Data section:
▼

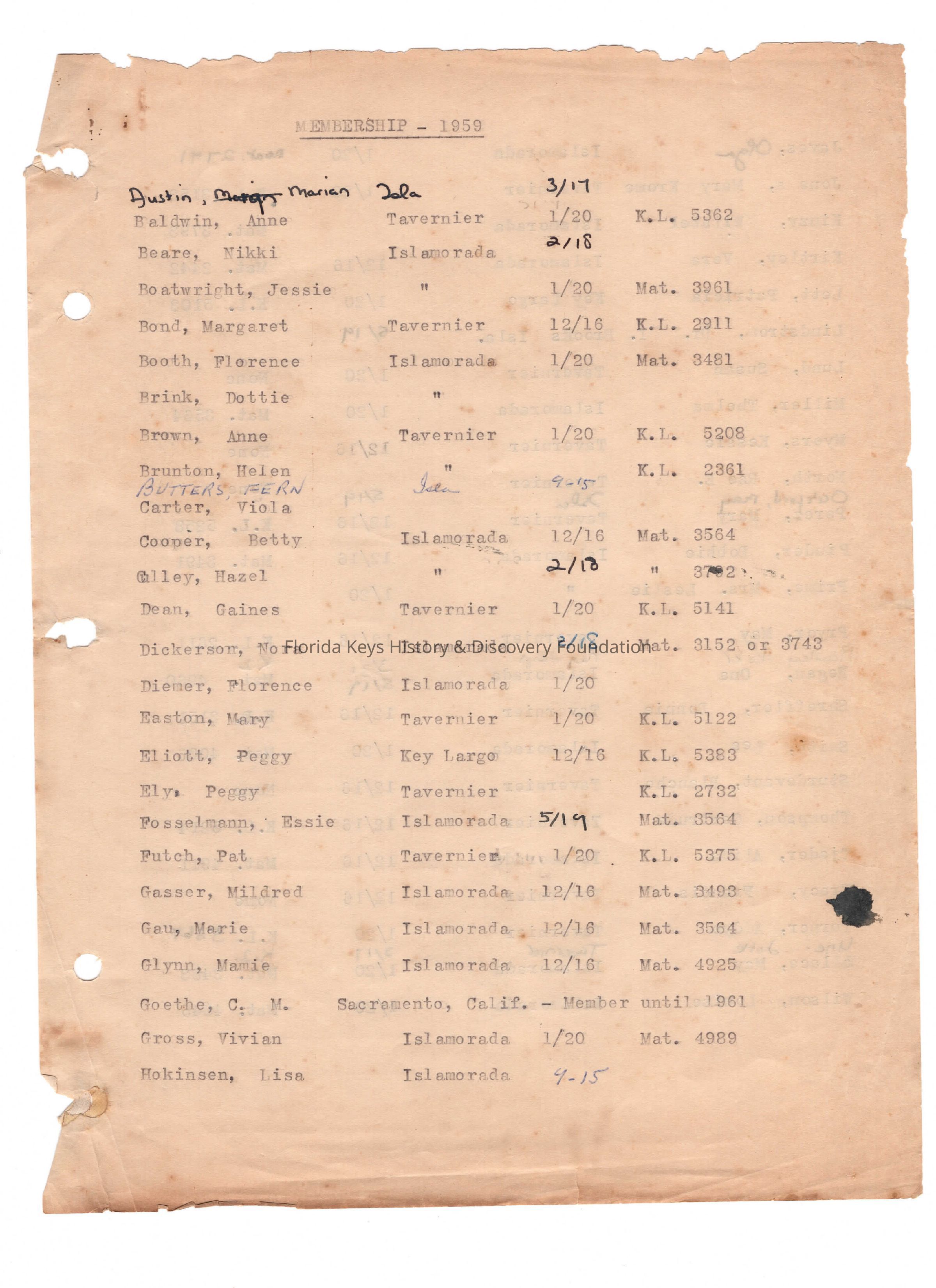 1959 Upper Keys Garden Club Membership ListEntry/Object ID
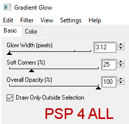Click on your work. STEP 2 - Template and Tube Vertical 1 - Selections > Select All. Select > Float > Select > Defloat. Add a layer > Fill with #EAE665. Apply Eye Candy 4000 > Gradient Glow.
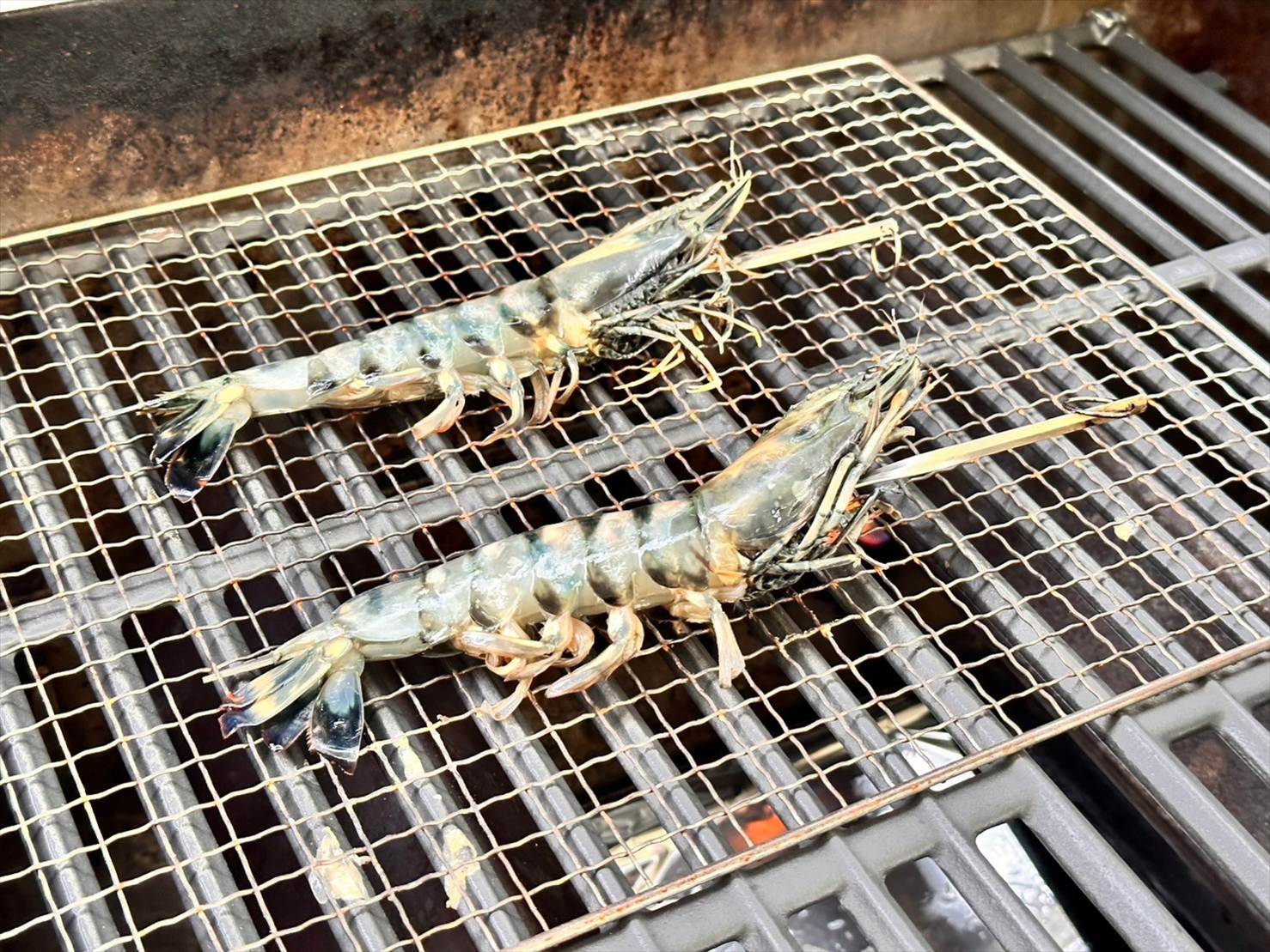 ▲有頭海老もコンロの上へ!大きな頭付きのエビが串に刺さっており、もう見るからに美味しそう。

▲

What is needed:
Give back the material above exactly as it appears, minus the pictures.

Response to this task:
 1959 Upper Keys Garden Club Membership ListEntry/Object ID
Click on your work. STEP 2 - Template and Tube Vertical 1 - Selections > Select All. Select > Float > Select > Defloat. Add a layer > Fill with #EAE665. Apply Eye Candy 4000 > Gradient Glow.
 ▲有頭海老もコンロの上へ!大きな頭付きのエビが串に刺さっており、もう見るからに美味しそう。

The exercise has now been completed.